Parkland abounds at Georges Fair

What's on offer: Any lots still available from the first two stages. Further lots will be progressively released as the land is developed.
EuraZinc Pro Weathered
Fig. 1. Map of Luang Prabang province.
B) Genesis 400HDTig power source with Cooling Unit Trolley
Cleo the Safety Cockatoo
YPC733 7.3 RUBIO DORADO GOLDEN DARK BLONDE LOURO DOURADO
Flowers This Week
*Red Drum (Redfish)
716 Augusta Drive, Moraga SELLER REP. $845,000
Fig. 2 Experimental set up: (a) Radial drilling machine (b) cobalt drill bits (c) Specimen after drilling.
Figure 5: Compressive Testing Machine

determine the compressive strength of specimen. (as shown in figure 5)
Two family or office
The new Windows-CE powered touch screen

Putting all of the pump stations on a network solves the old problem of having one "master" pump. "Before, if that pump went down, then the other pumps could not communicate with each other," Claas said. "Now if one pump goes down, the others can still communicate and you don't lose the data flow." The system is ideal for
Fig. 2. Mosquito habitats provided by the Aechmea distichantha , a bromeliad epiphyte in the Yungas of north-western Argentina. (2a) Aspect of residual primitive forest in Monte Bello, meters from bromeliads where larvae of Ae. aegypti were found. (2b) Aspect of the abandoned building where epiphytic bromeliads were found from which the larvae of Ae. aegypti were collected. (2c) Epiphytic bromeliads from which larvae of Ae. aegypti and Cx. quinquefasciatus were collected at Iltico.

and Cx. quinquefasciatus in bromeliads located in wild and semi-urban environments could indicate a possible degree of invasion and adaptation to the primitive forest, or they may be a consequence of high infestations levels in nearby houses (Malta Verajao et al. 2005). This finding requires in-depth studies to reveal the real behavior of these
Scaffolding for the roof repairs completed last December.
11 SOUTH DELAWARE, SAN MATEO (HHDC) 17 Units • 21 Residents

______

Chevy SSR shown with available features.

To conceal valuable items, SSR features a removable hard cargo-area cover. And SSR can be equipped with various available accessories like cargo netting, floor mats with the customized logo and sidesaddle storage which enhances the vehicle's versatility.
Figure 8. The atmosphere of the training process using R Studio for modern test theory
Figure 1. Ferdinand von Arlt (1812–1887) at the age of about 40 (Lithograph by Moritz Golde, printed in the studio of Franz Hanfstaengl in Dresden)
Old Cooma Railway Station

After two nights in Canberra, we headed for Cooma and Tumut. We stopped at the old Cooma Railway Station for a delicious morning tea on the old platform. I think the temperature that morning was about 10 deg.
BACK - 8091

______

## What the task asks
A single number, please: how many lines in the data above contain the string "primitive"?

## Finished task
2